Come loro, generazioni di donne bangladesi sono arrivate in Italia negli ultimi trent’anni, quasi sempre per “ricongiungimento familiare”, giovanissime spose di lavoratori migranti. Molte si sono stabilite a Roma, dove i bangladesi residenti sono più di 30mila, la maggiore concentrazione in Italia. In tutto, nel paese sono circa 130mila, secondo l’ultimo rapporto annuale del ministero del lavoro. Tra le comunità di immigrati, sono l’ottava per numero, mentre a Roma sono la terza.

“Immagina queste giovani donne: arrivano senza conoscere nulla dell’Italia, non sanno la lingua”, dice Nayana. “Di solito hanno fatto le scuole superiori, magari pensavano di proseguire gli studi. Invece arrivano subito i primi figli. I mariti lavorano dalla mattina alla sera e loro restano bloccate in casa a occuparsi dei piccoli, senza una rete familiare intorno, spesso senza neppure la possibilità di imparare l’italiano”.

Un atterraggio duro. Restare in casa però non è un destino inevitabile. Lo confermano le storie di alcune bangladesi incontrate nella calda estate romana al Pigneto, a Tor Pignattara e a Centocelle, quartieri nella zona sudest di Roma; a Ponte Mammolo, periferia nordest; o all’ombra di porta San Giovanni.

Nayana e le informazioni che non c’erano
L’inizio non è stato facile per nessuna. Nayana ricorda che arrivando a Roma sperava di iscriversi all’università. “Volevo proseguire gli studi, ma non avevo ancora imparato l’italiano. Comunque, sono subito rimasta incinta della mia prima figlia e ho dovuto rinunciare”, spiega. Si è messa ad aiutare il marito, che aveva preso in gestione un bar vicino al Colosseo: lavoravano dall’alba a notte fonda, “in quel locale ci ho cresciuto i miei tre figli”. Però è riuscita a frequentare una scuola di lingue.

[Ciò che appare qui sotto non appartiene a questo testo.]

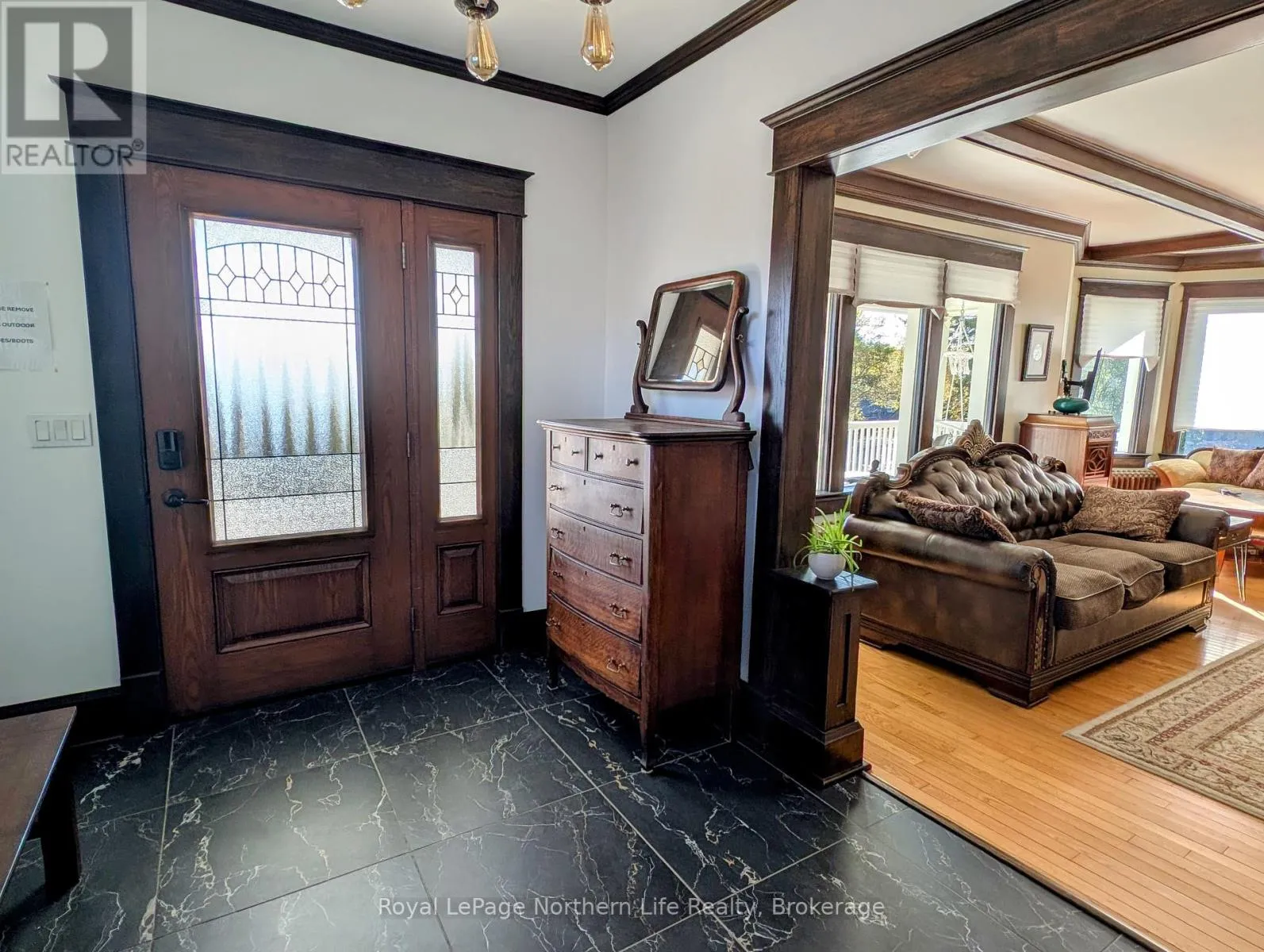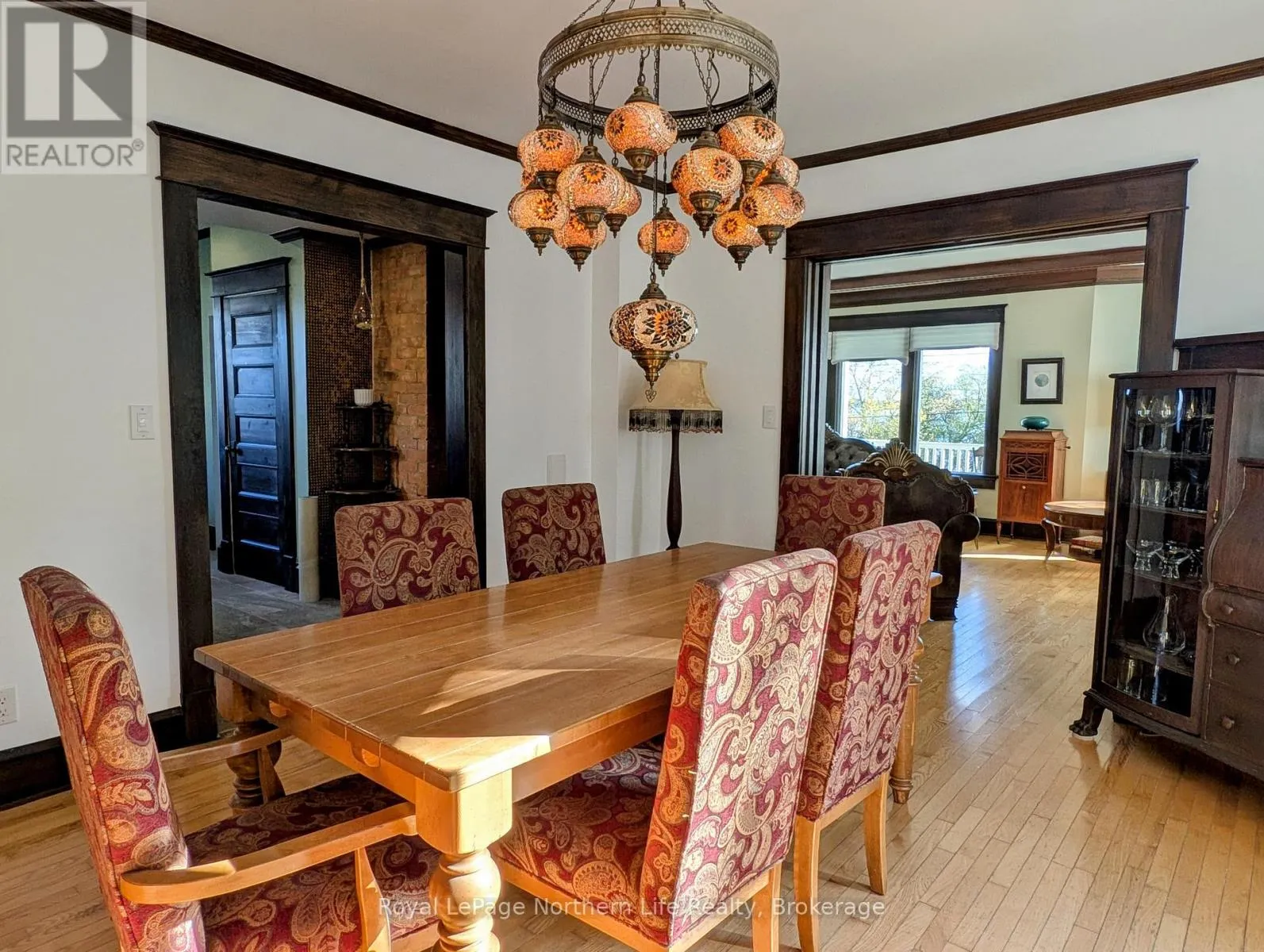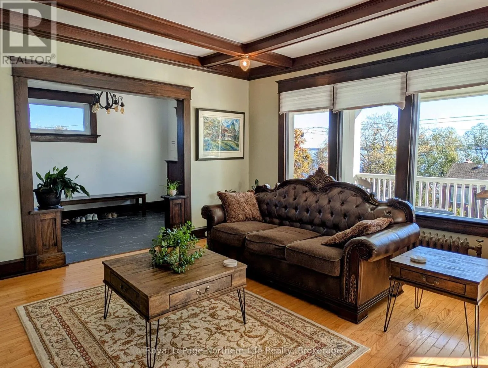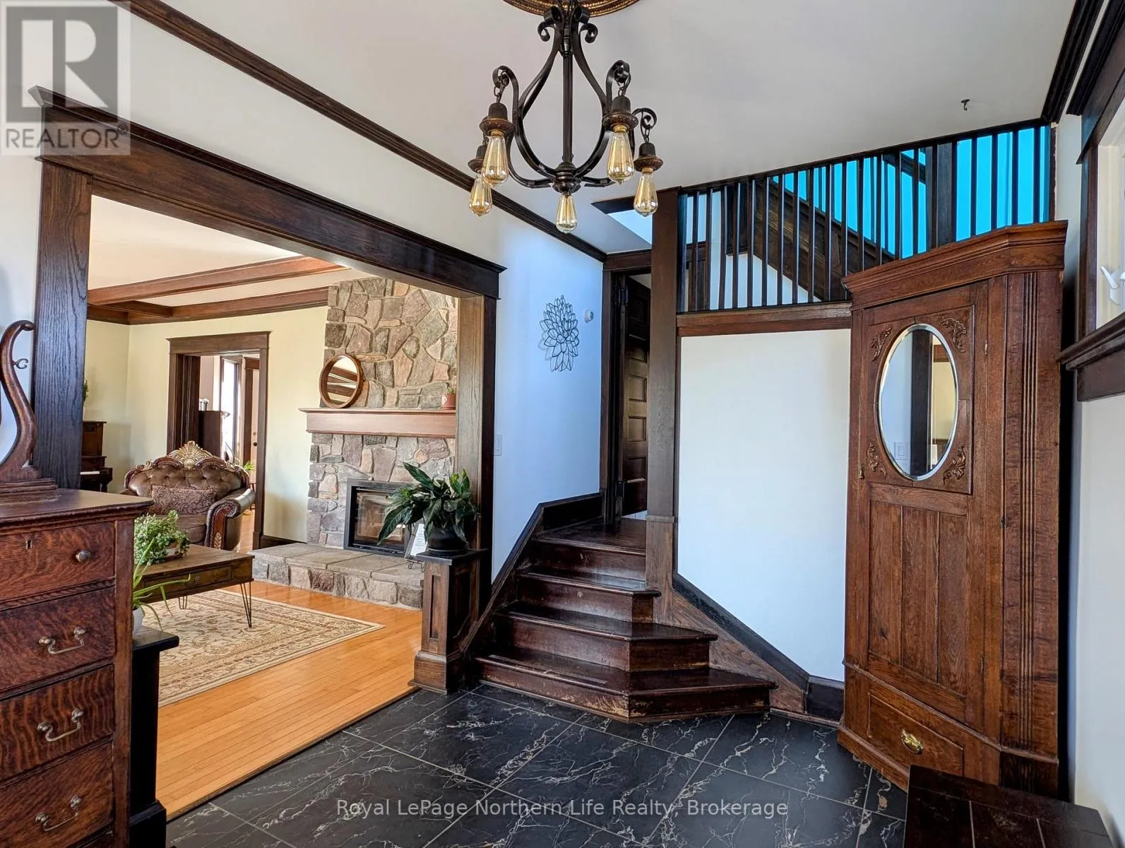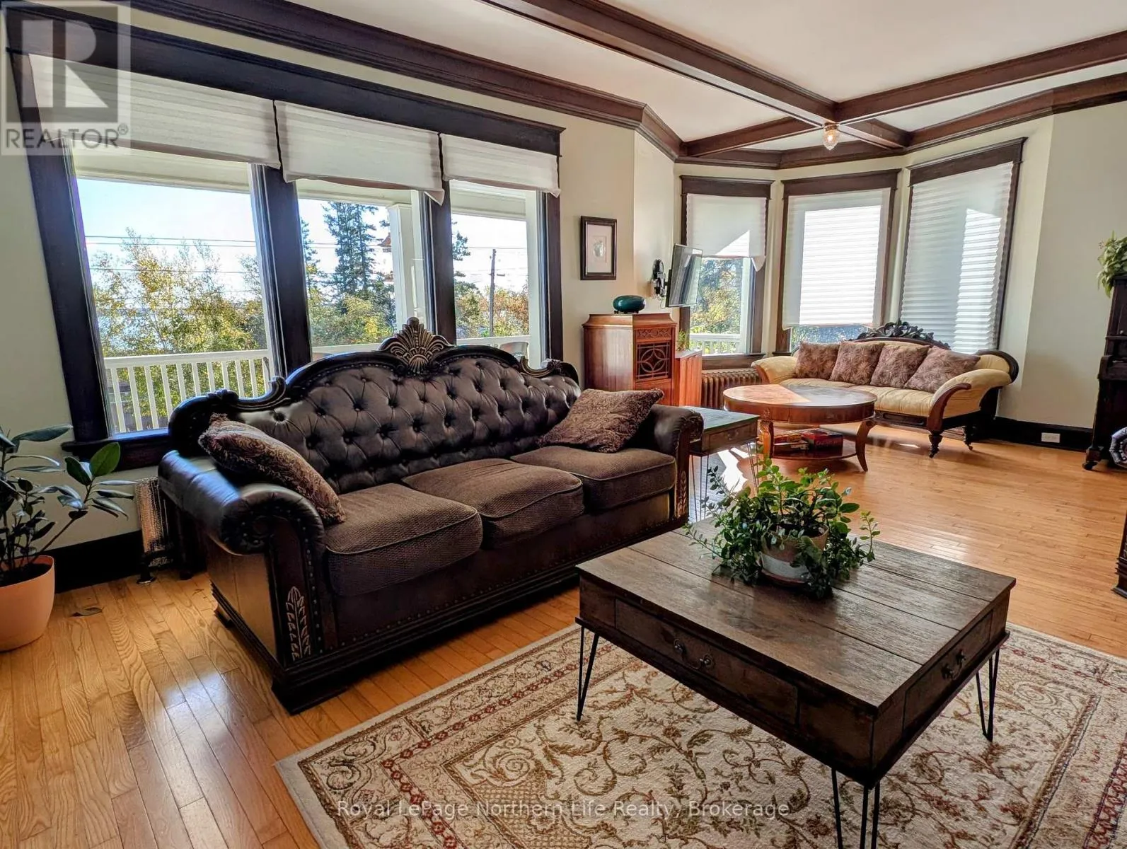 Cross Streets: Rorke & Ethel. ** Directions: From Main St, head north on Rorke Avenue. Step back in time while enjoying modern luxury in this original Haileybury home, a true masterpiece and survivor of the Great Fire of 1922. Perched to capture stunning views of Lake Temiskaming, this fully furnished residence seamlessly blends historic charm with contemporary convenience, offering a unique lifestyle opportunity. The large main living room features a beautiful stone fireplace with a newer wood fireplace insert, adding to the cozy aesthetic of this living space. The newly renovated kitchen boasts granite countertops, a porcelain farmhouse sink and a walk-in pantry, while the adjacent formal dining area features a walk-out to the deck and side yard, providing a flexible entertainment space. Upstairs, you'll find a large primary bedroom with a walk-in closet, two additional large bedrooms, a newly renovated bathroom and laundry room with a built-in Murphy bed for added convenience and flexibility. An unfinished third floor loft provides an open canvas for additional living space or additional storage. Sitting on a large lot, this professionally landscaped property features ample garden space, a fire pit, and a large driveway with plenty of room for your boat or RV. This home has been meticulously maintained, preserving the rich character of its past with beautiful original finishes throughout, including expertly restored moulding and many updates throughout. Having operated as a successful short term executive rental, this could also serve as an exceptional turn-key investment opportunity to add to your portfolio. This is a truly rare opportunity that you won't want to miss! (id:27476)

“Una consigliera dell’azienda sanitaria locale Roma2 mi ha incoraggiato a fare un corso di mediazione culturale”, ricorda. E così ha fatto, “tra mille difficoltà, perché devi sempre conciliare il lavoro, la famiglia e il tempo per la scuola”. Nel 1999 ha dovuto rinunciare a una borsa di studio per un tirocinio in un grande ospedale romano: “Mi avrebbe impegnato dal mattino al pomeriggio, ma non sapevo a chi lasciare i bambini”.

Pigneto, Roma, luglio 2018.

In qualche modo però ce l’ha fatta. Oggi Nayana è una mediatrice e interprete riconosciuta e rispettata, lavora con i servizi sociali, le scuole, a volte il servizio sanitario. La incontro a San Giovanni, nella breve pausa tra il lavoro e una riunione tra colleghe. “Quando sono arrivata io era difficile trovare informazioni pratiche, sapere come ottenere la residenza, la tessera sanitaria, per non parlare di consultori o di contraccezione. Oggi queste informazioni sappiamo darle ai nuovi arrivati”.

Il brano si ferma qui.